» **Problem details**:
Note on the material below: return exactly the lines from the line that holds "三枝 澪門土さんを姓名の画数から五運を鑑定" through the line that holds "Viking barnesko i", and leave out each picture.

*** Opening of Material for this exercise ***

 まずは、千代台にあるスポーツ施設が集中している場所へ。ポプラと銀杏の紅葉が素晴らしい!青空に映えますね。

*** Close of Material for this exercise ***
*** Opening of Material for this exercise ***

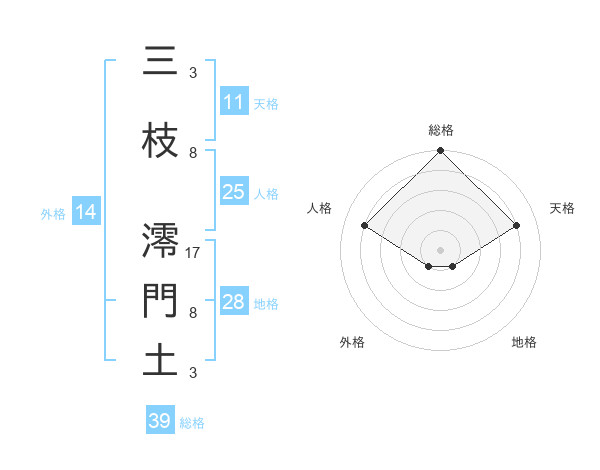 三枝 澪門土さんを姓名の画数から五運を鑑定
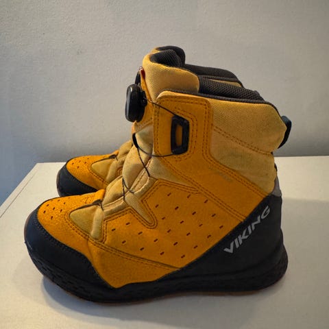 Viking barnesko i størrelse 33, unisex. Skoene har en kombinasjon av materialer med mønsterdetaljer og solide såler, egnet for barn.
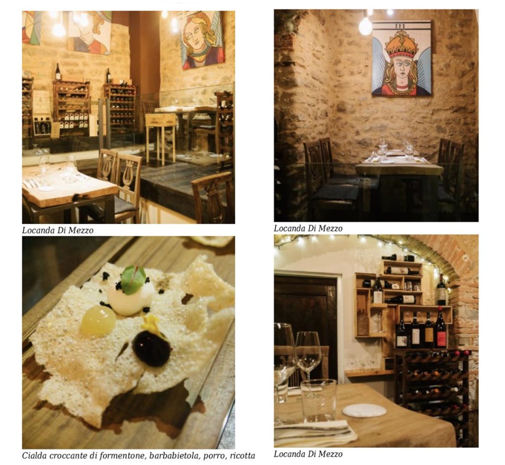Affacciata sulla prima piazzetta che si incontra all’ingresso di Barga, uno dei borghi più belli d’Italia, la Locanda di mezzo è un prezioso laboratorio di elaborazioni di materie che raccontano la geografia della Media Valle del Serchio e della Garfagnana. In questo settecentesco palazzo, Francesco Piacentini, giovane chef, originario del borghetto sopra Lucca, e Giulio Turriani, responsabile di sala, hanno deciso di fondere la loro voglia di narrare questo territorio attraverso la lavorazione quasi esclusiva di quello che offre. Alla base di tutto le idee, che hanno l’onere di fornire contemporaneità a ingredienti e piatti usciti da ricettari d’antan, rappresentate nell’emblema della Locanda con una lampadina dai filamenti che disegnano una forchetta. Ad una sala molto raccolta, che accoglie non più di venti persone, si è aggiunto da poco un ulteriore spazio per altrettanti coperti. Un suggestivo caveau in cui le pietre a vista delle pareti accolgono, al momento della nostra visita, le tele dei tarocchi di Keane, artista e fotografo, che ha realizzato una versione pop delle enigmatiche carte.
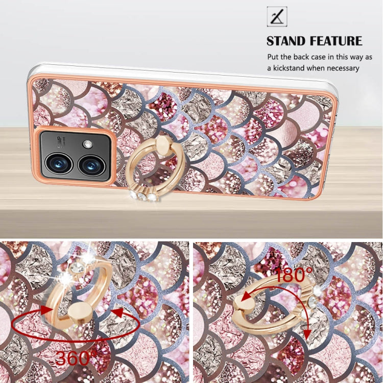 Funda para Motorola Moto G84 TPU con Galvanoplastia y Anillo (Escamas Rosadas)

*** Close of Material for this exercise ***
*** Opening of Material for this exercise ***

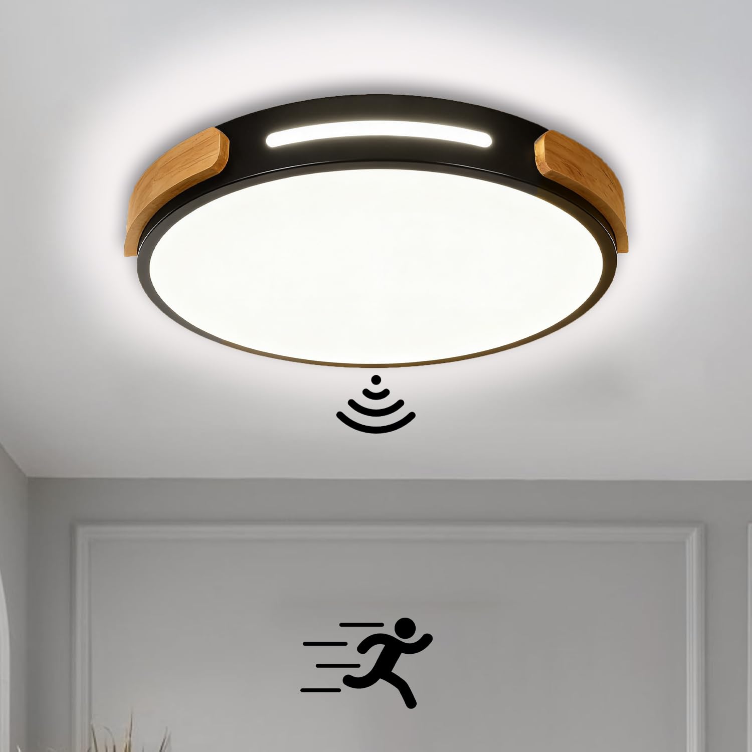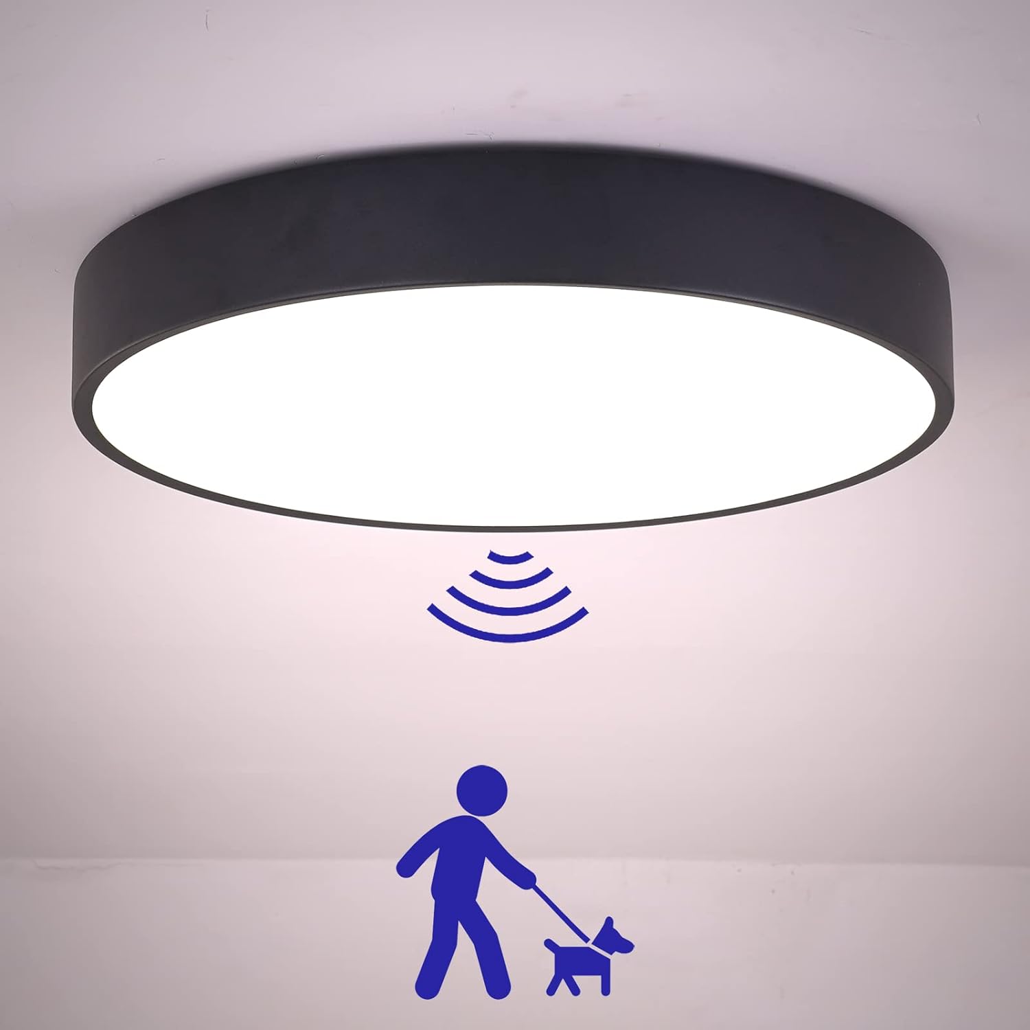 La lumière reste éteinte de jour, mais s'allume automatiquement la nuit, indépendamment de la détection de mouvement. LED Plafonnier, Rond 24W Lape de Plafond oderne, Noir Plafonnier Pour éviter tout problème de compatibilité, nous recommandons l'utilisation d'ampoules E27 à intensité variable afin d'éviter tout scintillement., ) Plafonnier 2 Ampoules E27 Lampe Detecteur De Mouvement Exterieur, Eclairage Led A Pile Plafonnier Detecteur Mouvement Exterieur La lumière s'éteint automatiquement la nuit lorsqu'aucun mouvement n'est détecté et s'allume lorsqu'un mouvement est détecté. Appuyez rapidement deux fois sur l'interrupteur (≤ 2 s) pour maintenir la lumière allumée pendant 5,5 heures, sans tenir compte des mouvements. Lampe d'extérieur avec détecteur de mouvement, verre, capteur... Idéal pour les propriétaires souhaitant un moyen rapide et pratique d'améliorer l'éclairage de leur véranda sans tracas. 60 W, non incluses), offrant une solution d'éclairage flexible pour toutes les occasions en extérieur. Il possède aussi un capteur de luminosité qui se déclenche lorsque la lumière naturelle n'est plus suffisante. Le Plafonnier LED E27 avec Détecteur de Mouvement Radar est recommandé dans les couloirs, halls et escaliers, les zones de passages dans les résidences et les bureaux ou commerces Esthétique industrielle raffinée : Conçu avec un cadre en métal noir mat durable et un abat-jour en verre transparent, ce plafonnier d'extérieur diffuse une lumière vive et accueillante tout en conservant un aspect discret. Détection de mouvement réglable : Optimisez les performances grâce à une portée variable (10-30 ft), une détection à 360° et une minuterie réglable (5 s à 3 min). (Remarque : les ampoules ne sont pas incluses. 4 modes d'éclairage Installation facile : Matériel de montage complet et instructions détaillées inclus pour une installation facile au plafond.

*** Close of Material for this exercise ***

» **Response area**:
 三枝 澪門土さんを姓名の画数から五運を鑑定
 Viking barnesko i størrelse 33, unisex. Skoene har en kombinasjon av materialer med mønsterdetaljer og solide såler, egnet for barn.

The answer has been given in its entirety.